== What you have to do ==
A faithful copy is required. Print each line of the data exactly and omit the pictures.

== Stored items ==
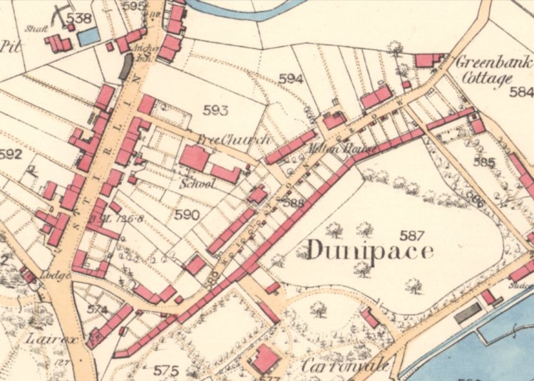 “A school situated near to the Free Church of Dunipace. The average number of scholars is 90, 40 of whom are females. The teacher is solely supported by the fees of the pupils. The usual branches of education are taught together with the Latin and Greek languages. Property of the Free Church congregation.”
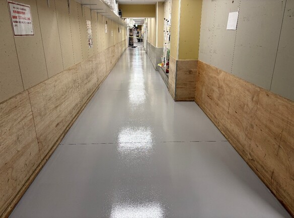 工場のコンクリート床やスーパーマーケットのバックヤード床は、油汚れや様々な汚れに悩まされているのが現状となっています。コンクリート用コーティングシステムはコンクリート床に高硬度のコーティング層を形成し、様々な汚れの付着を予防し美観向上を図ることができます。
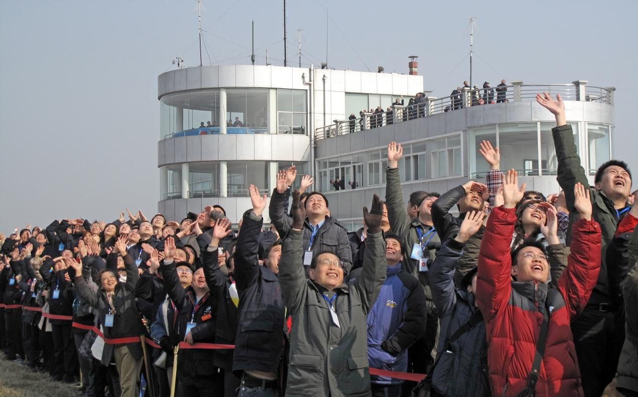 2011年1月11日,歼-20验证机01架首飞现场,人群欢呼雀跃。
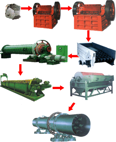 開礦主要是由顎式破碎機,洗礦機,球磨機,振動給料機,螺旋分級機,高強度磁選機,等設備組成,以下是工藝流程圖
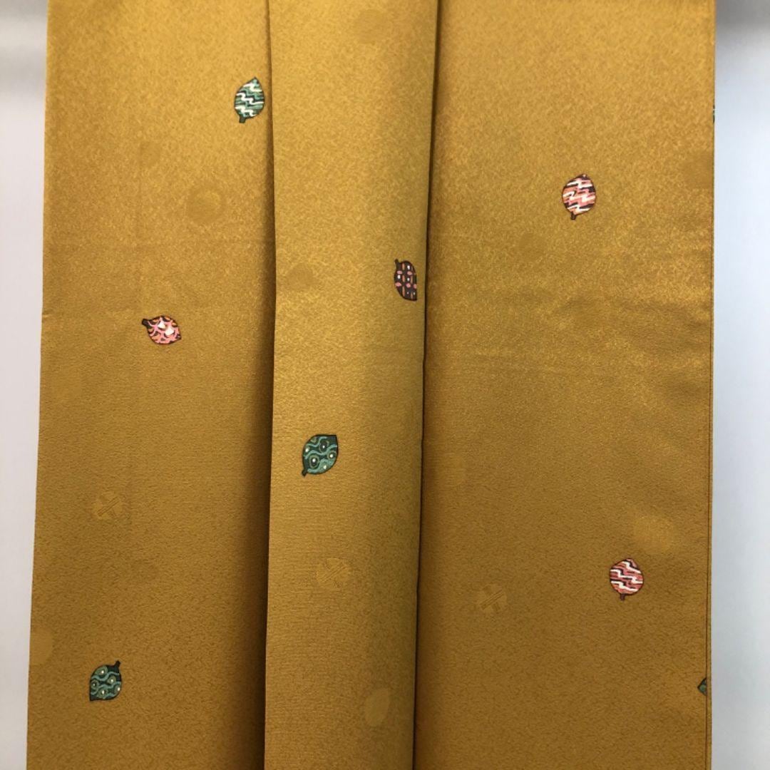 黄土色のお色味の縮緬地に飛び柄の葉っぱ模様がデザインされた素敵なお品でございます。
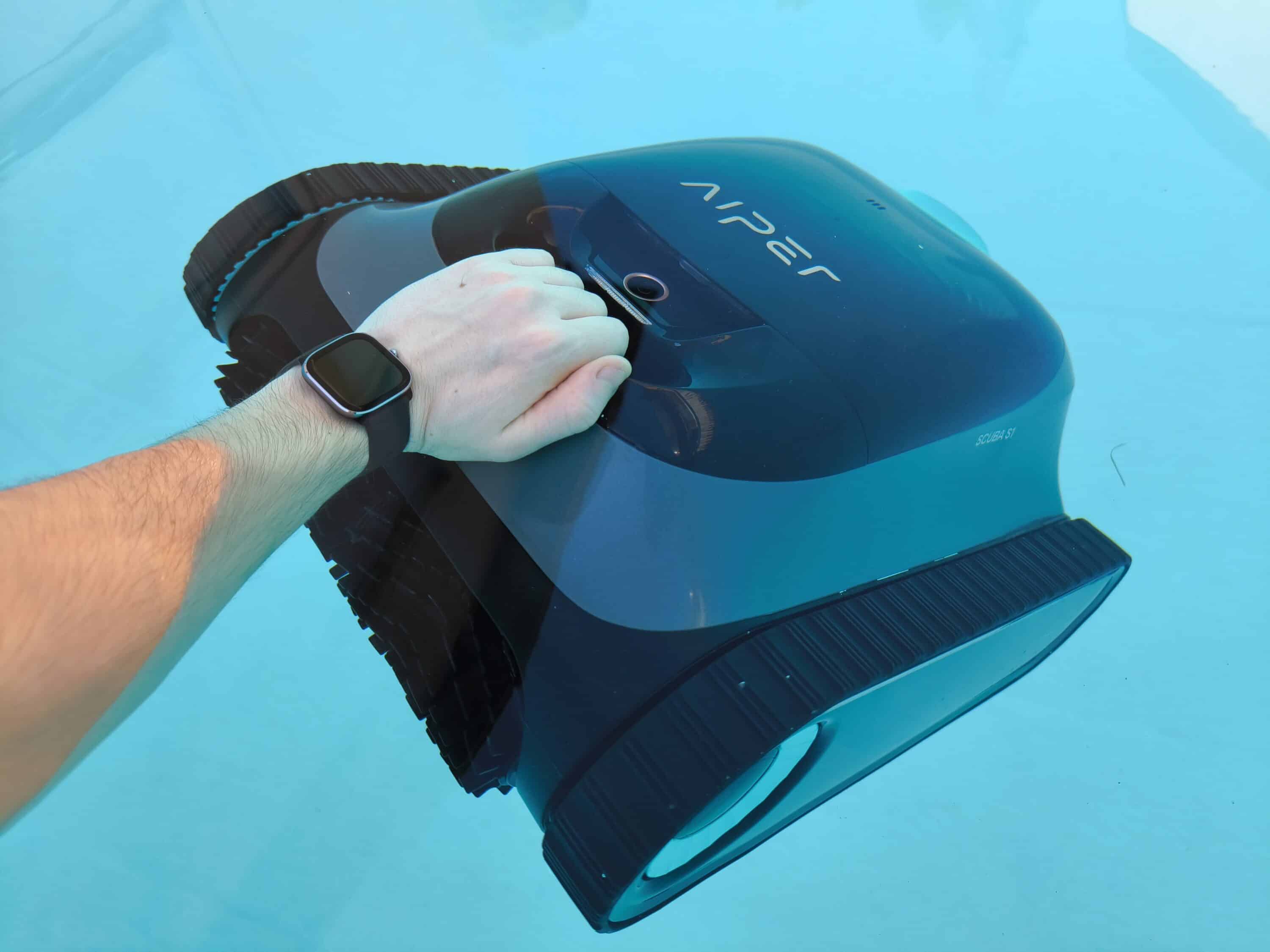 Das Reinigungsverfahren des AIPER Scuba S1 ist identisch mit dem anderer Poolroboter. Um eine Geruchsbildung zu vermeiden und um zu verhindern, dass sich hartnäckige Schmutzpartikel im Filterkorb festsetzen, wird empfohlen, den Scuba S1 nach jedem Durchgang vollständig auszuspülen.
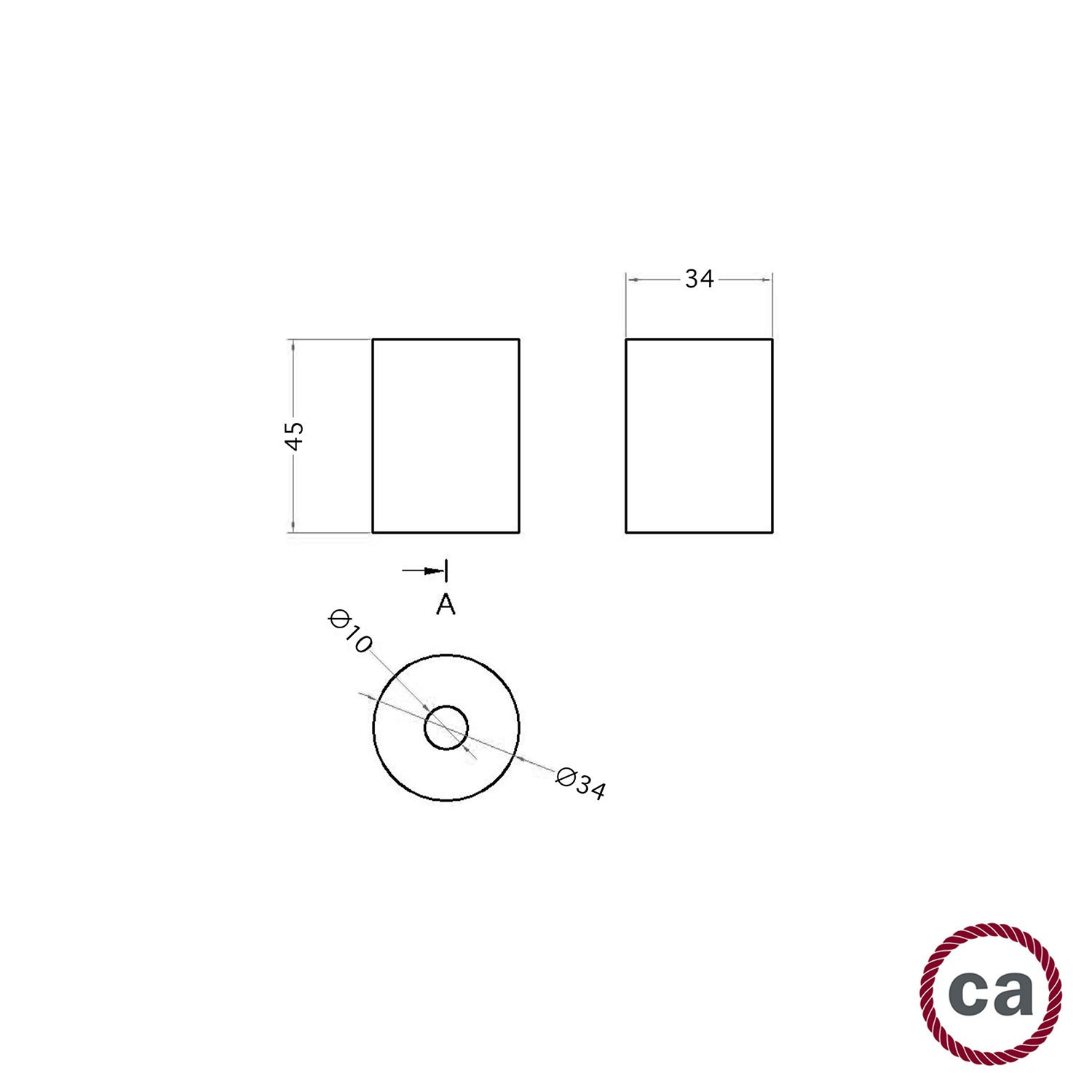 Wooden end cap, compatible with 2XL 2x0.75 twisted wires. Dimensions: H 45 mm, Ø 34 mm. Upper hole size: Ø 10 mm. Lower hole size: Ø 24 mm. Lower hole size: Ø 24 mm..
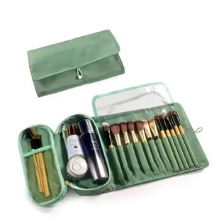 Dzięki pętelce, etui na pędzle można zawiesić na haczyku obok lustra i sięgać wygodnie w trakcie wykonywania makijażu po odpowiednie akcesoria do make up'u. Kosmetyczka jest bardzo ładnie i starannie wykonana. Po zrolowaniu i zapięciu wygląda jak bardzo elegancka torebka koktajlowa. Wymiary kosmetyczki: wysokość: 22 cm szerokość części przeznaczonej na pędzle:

== Answer to this task ==
 “A school situated near to the Free Church of Dunipace. The average number of scholars is 90, 40 of whom are females. The teacher is solely supported by the fees of the pupils. The usual branches of education are taught together with the Latin and Greek languages. Property of the Free Church congregation.”
 工場のコンクリート床やスーパーマーケットのバックヤード床は、油汚れや様々な汚れに悩まされているのが現状となっています。コンクリート用コーティングシステムはコンクリート床に高硬度のコーティング層を形成し、様々な汚れの付着を予防し美観向上を図ることができます。
 2011年1月11日,歼-20验证机01架首飞现场,人群欢呼雀跃。
 開礦主要是由顎式破碎機,洗礦機,球磨機,振動給料機,螺旋分級機,高強度磁選機,等設備組成,以下是工藝流程圖
 黄土色のお色味の縮緬地に飛び柄の葉っぱ模様がデザインされた素敵なお品でございます。
 Das Reinigungsverfahren des AIPER Scuba S1 ist identisch mit dem anderer Poolroboter. Um eine Geruchsbildung zu vermeiden und um zu verhindern, dass sich hartnäckige Schmutzpartikel im Filterkorb festsetzen, wird empfohlen, den Scuba S1 nach jedem Durchgang vollständig auszuspülen.
 Wooden end cap, compatible with 2XL 2x0.75 twisted wires. Dimensions: H 45 mm, Ø 34 mm. Upper hole size: Ø 10 mm. Lower hole size: Ø 24 mm. Lower hole size: Ø 24 mm..
 Dzięki pętelce, etui na pędzle można zawiesić na haczyku obok lustra i sięgać wygodnie w trakcie wykonywania makijażu po odpowiednie akcesoria do make up'u. Kosmetyczka jest bardzo ładnie i starannie wykonana. Po zrolowaniu i zapięciu wygląda jak bardzo elegancka torebka koktajlowa. Wymiary kosmetyczki: wysokość: 22 cm szerokość części przeznaczonej na pędzle:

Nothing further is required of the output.